Scheme function that returns function is returning unexpected value
Question
I have a function in scheme
(define (m-m f)
(let ((count 0))
(define (h-m-c?) count)
(define (r-c) (begin (set! count 0) count))
(define (m-f m)
(cond ((eq? m 'h-m-c?) (h-m-c))
((eq? m 'r-c) (r-c))
(else (set! count (+ 1 count)) f)))
m-f))
where m-f is a function that is returned.
However, rather than returning a value, it returns
#<procedure:m-f>
It appears there is no error with the code, so why doesn't this return a usable value?
Solution
You told it to return m-f
. That's the name of a procedure that you defined, so it's returning the procedure.
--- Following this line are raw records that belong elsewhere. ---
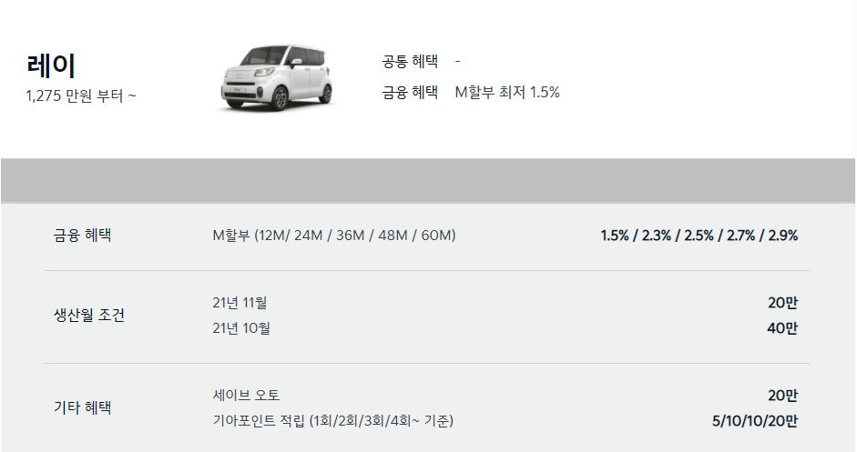 22년 1월 레이는 1275만원 부터 시작합니다.
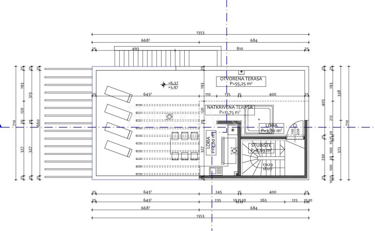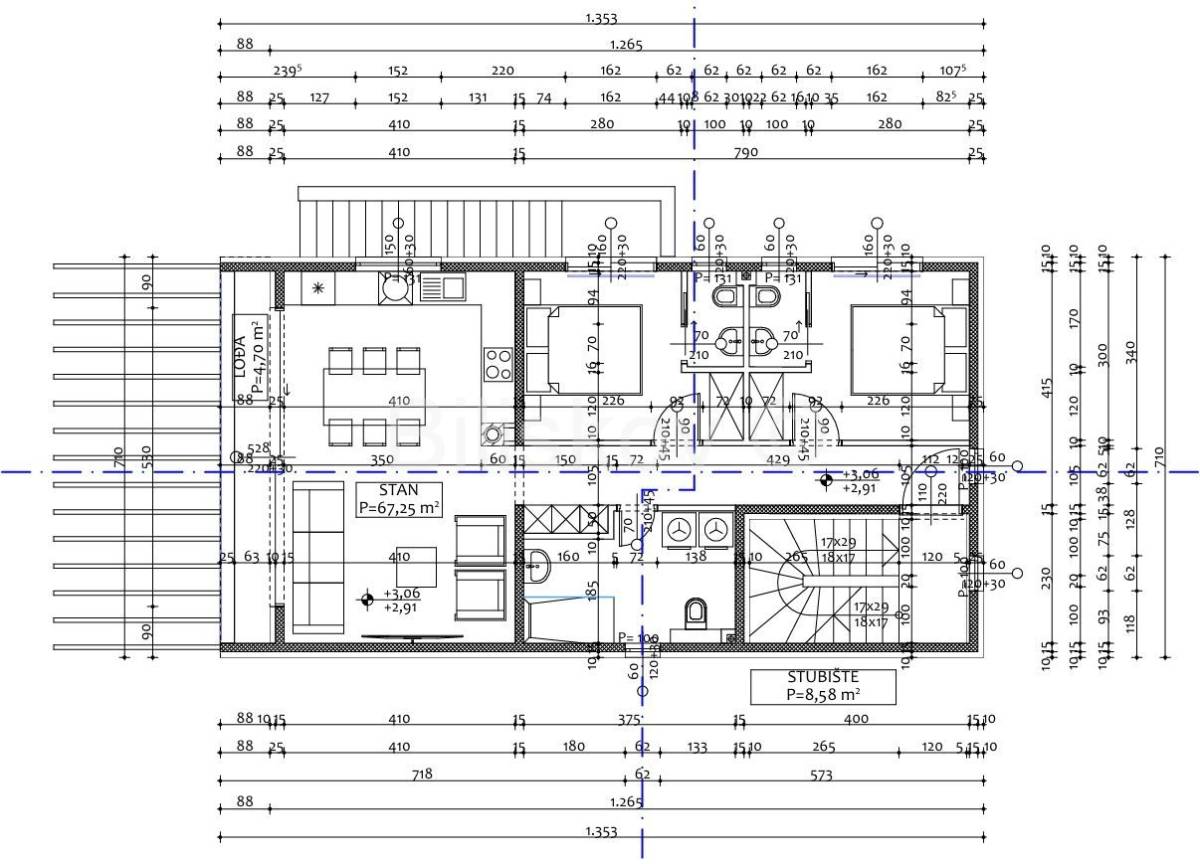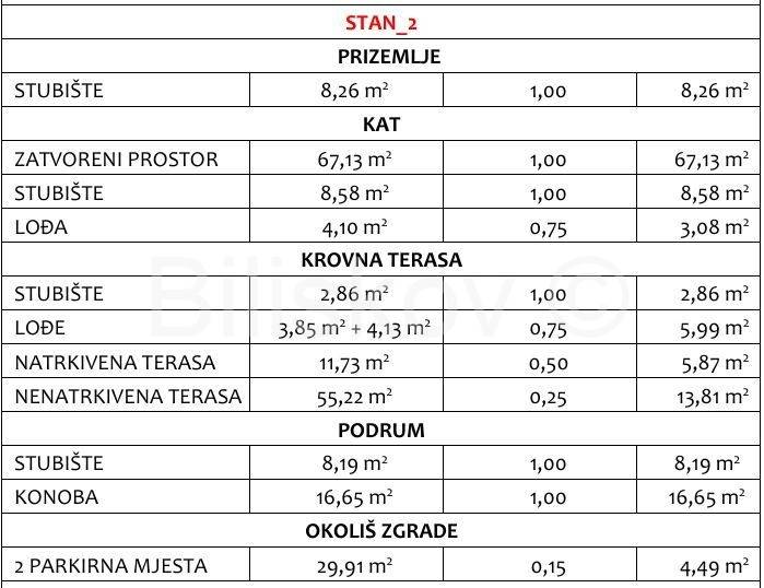 Izvanredan dvoetažan trosobni apartman, obračunske stambene površine 145 m², smjestit će se na prvom katu i krovu moderno projektirane zgrade. Nekretnina se sastoji od stana površine 67 m², krovne terase od 67 m², dva parkirna mjesta ukupne površine 30 m², stubišta površine 20 m², konobe površine 17 m2, te tri lođe površina 12m².
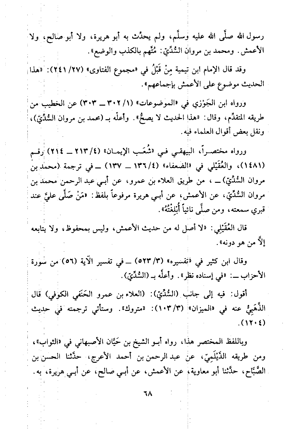 رسول اللَّه صلَّى اللَّه عليه وسلَّم، ولم يحدِّث به أبو هريرة، ولا أبو صالح، ولا الأعمش. ومحمد بن مروان السُّدِّيّ: مُتَّهم بالكذب والوضع".
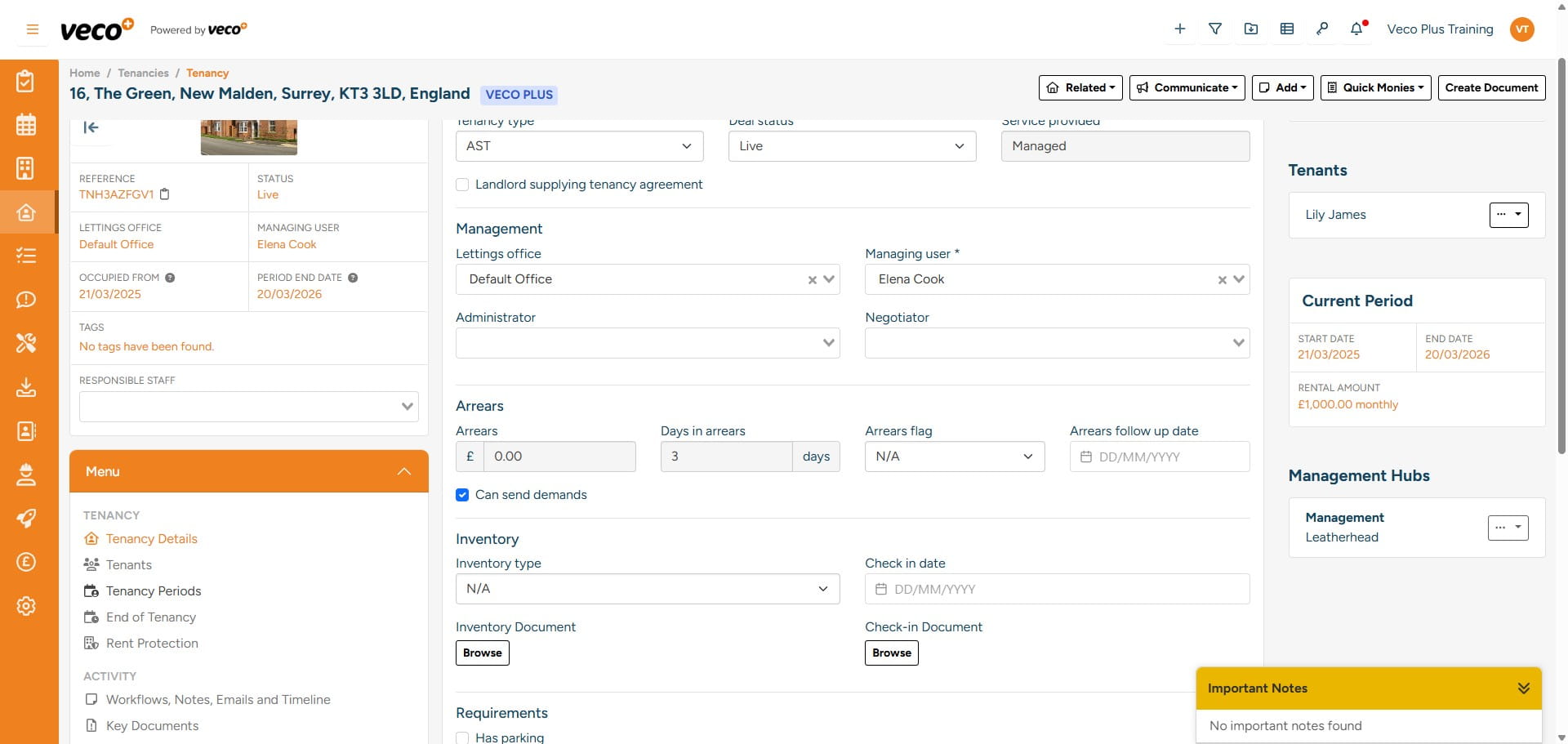 You can add specific notes via ‘Notes’ at the top, with any negotiations or conversations being logged against the Tenancy Period
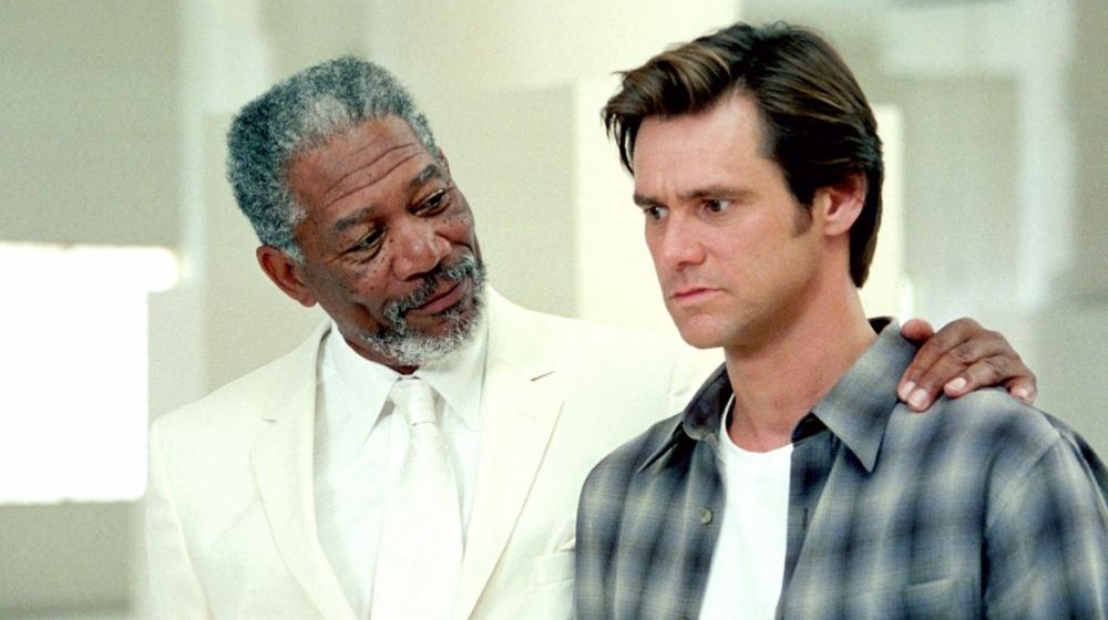 该片段出自金凯瑞主演的电影《冒牌天神》,2003上映。金凯瑞在电影中扮演一个偶然获得超能力的普通人,这个片段就是金凯瑞利用获得的超能力捉弄排挤自己同事的场景。据说这个场景在拍摄过程中NG了许多次,原因是女主被逗的绷不住。
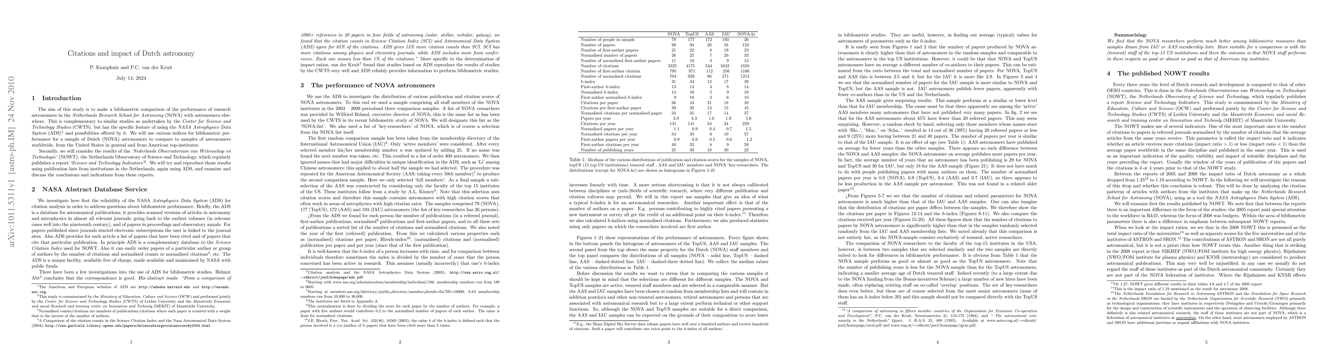 Dutch astronomers outperform international peers in bibliometric measures, with citation impact ratio rising, contrary to reports suggesting a decline.
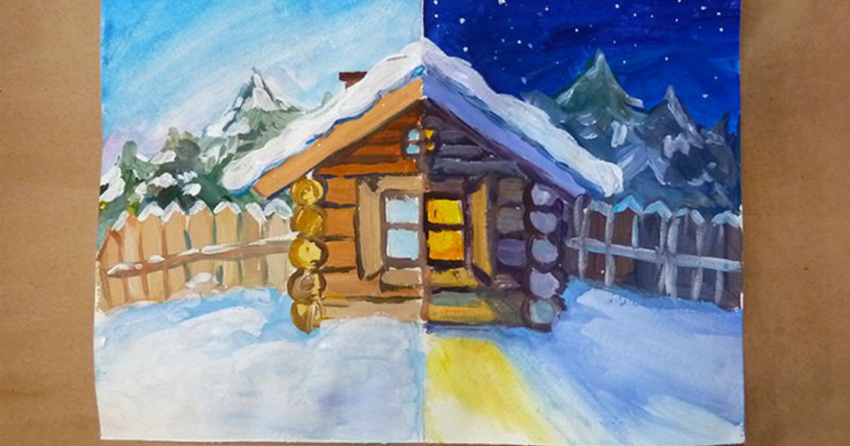 Зимний домик гуашью
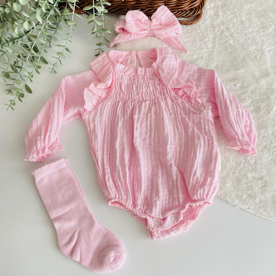 Namsos Müslin Kız Bebek 3'lü Romper Set
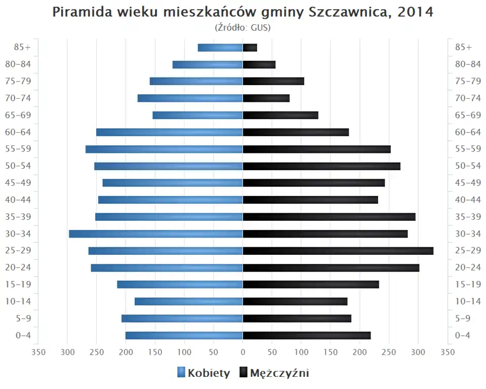 - Piramida wieku mieszkańców gminy Szczawnica w 2014 roku[1].

To use this return value, you need to assign it to another variable.
(define thing1 (m-m 'unused))
(define thing2 (m-m 'who-cares))
(thing1 'h-m-c?)
(thing1 'increment)
(thing1 'h-m-c?)
(thing2 'h-m-c?)
Some other commentary:
Procedure names ending in ?
are used for predicates that report true/false.
You don't need begin
in (r-c)
. Procedure bodies allow multiple expressions, and execute them in order just like begin
.
Why didn't you define a function for the case where count
is incremented, like you did for the other cases?
Using the default for incrementing seems inappropriate, you should require a specific m
parameter for this.
What's the purpose of the f
parameter? The only thing it's used for is to be returned when incrementing? Wouldn't the new value of count
be a more useful return value? It seems like it's intended to be a "name" for the instance; if so, perhaps you should add a new operation to return the name, rather than doing this when incrementing.
EDIT:
Based on the answer below, I suspect you're misusing the f
parameter. It's probably supposed to be a function that you call when doing the increment. So you need to supply it as a lambda expression, and return (f)
rather than just f
.